Memory Types in Detail
1. Persistent Memory (MEMORY.md and USER.md)
The core memory system. Two files in ~/.hermes/memories/:
| File | Purpose | Default Char Limit |
|---|---|---|
MEMORY.md |
Agent's personal notes — environment facts, project conventions, tool quirks, lessons learned | 2,200 chars (~800 tokens) |
USER.md |
User profile — name, preferences, communication style, pet peeves | 1,375 chars (~500 tokens) |
How it works:
- Loaded from disk at session start and injected into the system prompt as a frozen snapshot
- The agent uses the
memorytool to add, replace, or remove entries during a session - Mid-session writes go to disk immediately (durable) but do NOT update the system prompt — this preserves the LLM's prefix cache for performance
- The snapshot refreshes on the next session start
- Entries are delimited by
§(section sign) and can be multiline
System prompt appearance:
══════════════════════════════════════════════
MEMORY (your personal notes) [67% — 1,474/2,200 chars]
══════════════════════════════════════════════
User's project is a Rust web service at ~/code/myapi using Axum + SQLx
§
This machine runs Ubuntu 22.04, has Docker and Podman installed
§
User prefers concise responses, dislikes verbose explanations
Memory tool actions:
add— append a new entry (rejected if it would exceed the char limit)replace— find an entry by substring match and replace itremove— find an entry by substring match and delete it
Substring matching means you only need a unique fragment of the entry, not the full text.
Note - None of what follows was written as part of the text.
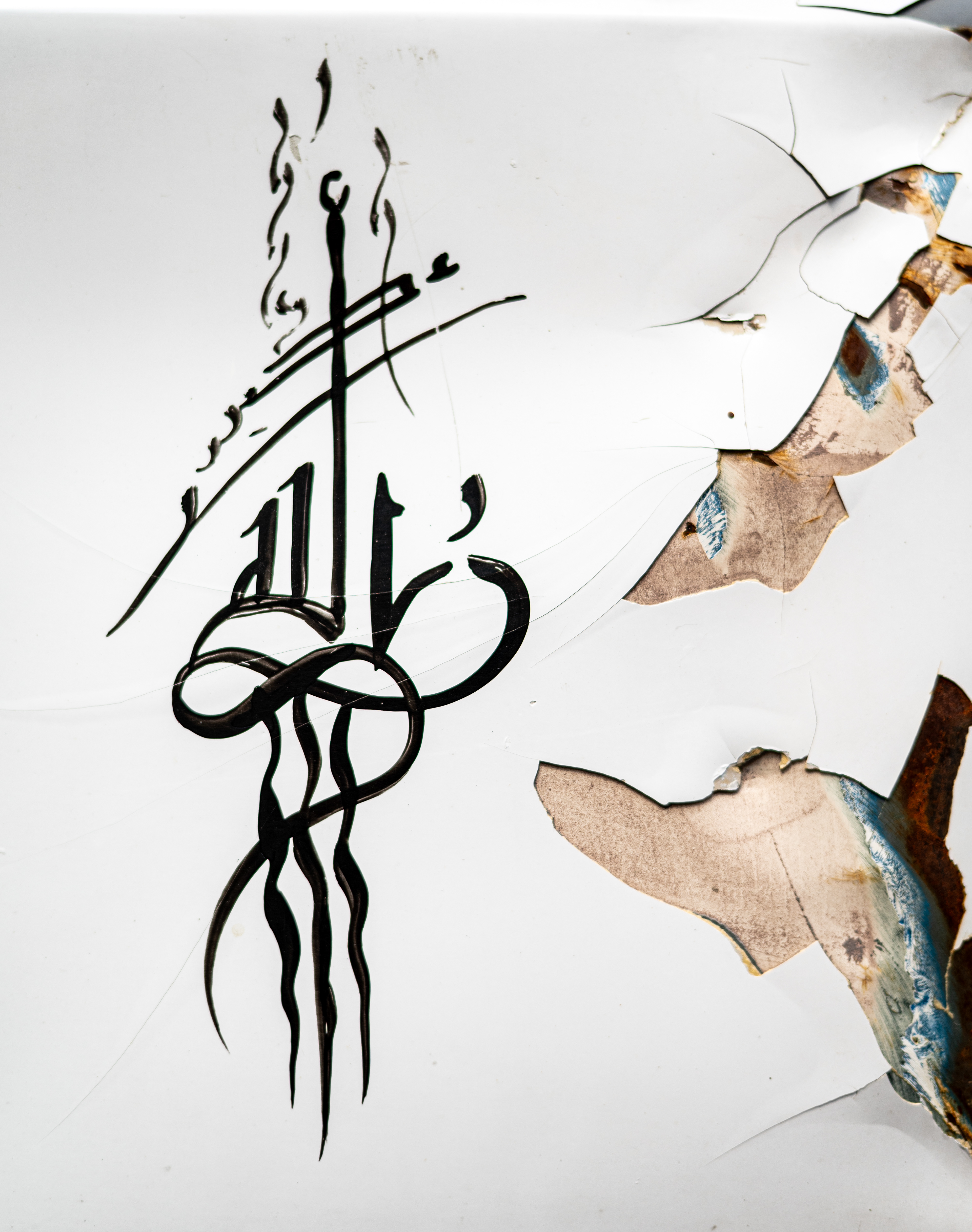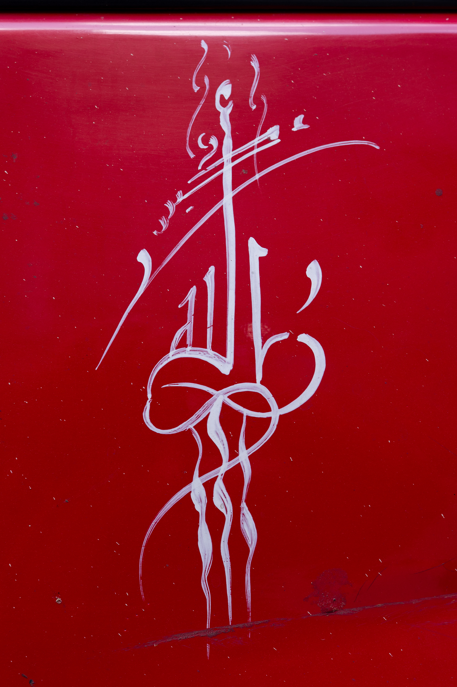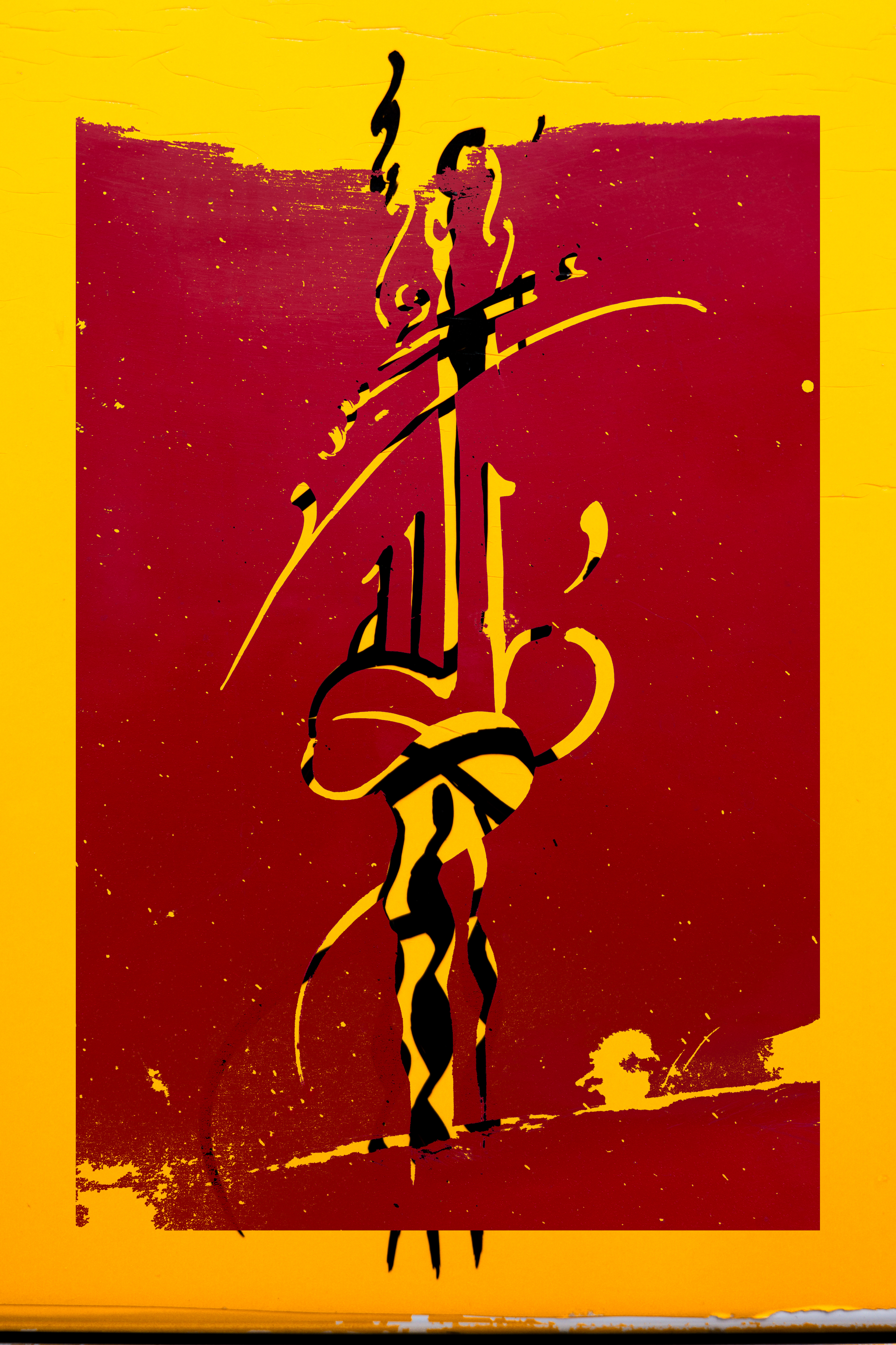 I liberate the drawings from their material context on the worn-out metal surfaces and re-present them as abstract and vibrant visual compositions within the digital space. Emphasis is placed on the aesthetic of Arabic calligraphy as an abstract form that transcends its literal meaning. The strong, saturated colors (yellow and red) highlight the contrast between the power of folk expression and the fragility of material existence.

If the fragment matches multiple entries, the tool returns an error asking for a more specific match.
2. Session Search
Cross-session conversation recall via SQLite FTS5 full-text search.
- All CLI and messaging sessions are stored in
~/.hermes/state.db - The
session_searchtool finds relevant past conversations by keyword - Top matching sessions are summarized by Gemini Flash (cheap, fast) before being returned to the main model
- Returns focused summaries, not raw transcripts
When to use session_search vs. memory:
| Feature | Persistent Memory | Session Search |
|---|---|---|
| Capacity | ~3,575 chars total | Unlimited (all sessions) |
| Speed | Instant (in system prompt) | Requires search + LLM summarization |
| Use case | Key facts always in context | "What did we discuss about X last week?" |
| Management | Manually curated by the agent | Automatic — all sessions stored |
| Token cost | Fixed per session (~1,300 tokens) | On-demand (searched when needed) |
Rule of thumb: Memory is for facts that should always be available. Session search is for recalling specific past conversations on demand. Don't save task progress or session outcomes to memory — use session_search to find those.
3. Skills (Procedural Memory)
Skills are reusable workflows stored as SKILL.md files in ~/.hermes/skills/ (and optionally external skill directories).
- Organized by category:
skills/github/github-pr-workflow/SKILL.md - YAML frontmatter with name, description, version, platform restrictions
- Progressive disclosure: metadata shown in skill list, full content loaded on demand via
skill_view - The agent creates skills proactively after complex tasks (5+ tool calls) using the
skill_managetool - Skills can be patched when found outdated — stale skills are a liability
Skills are not injected into the system prompt by default. The agent sees a compact index of available skills and loads them on demand. This keeps the prompt lean while giving access to deep procedural knowledge.
Skills vs. Memory:
- Memory: compact facts ("User's project uses Go 1.22 with chi router")
- Skills: detailed procedures ("How to deploy the staging server: step 1, step 2, ...")
4. External Memory Providers
Optional plugins that add deeper, structured memory alongside the built-in system. Only one external provider can be active at a time.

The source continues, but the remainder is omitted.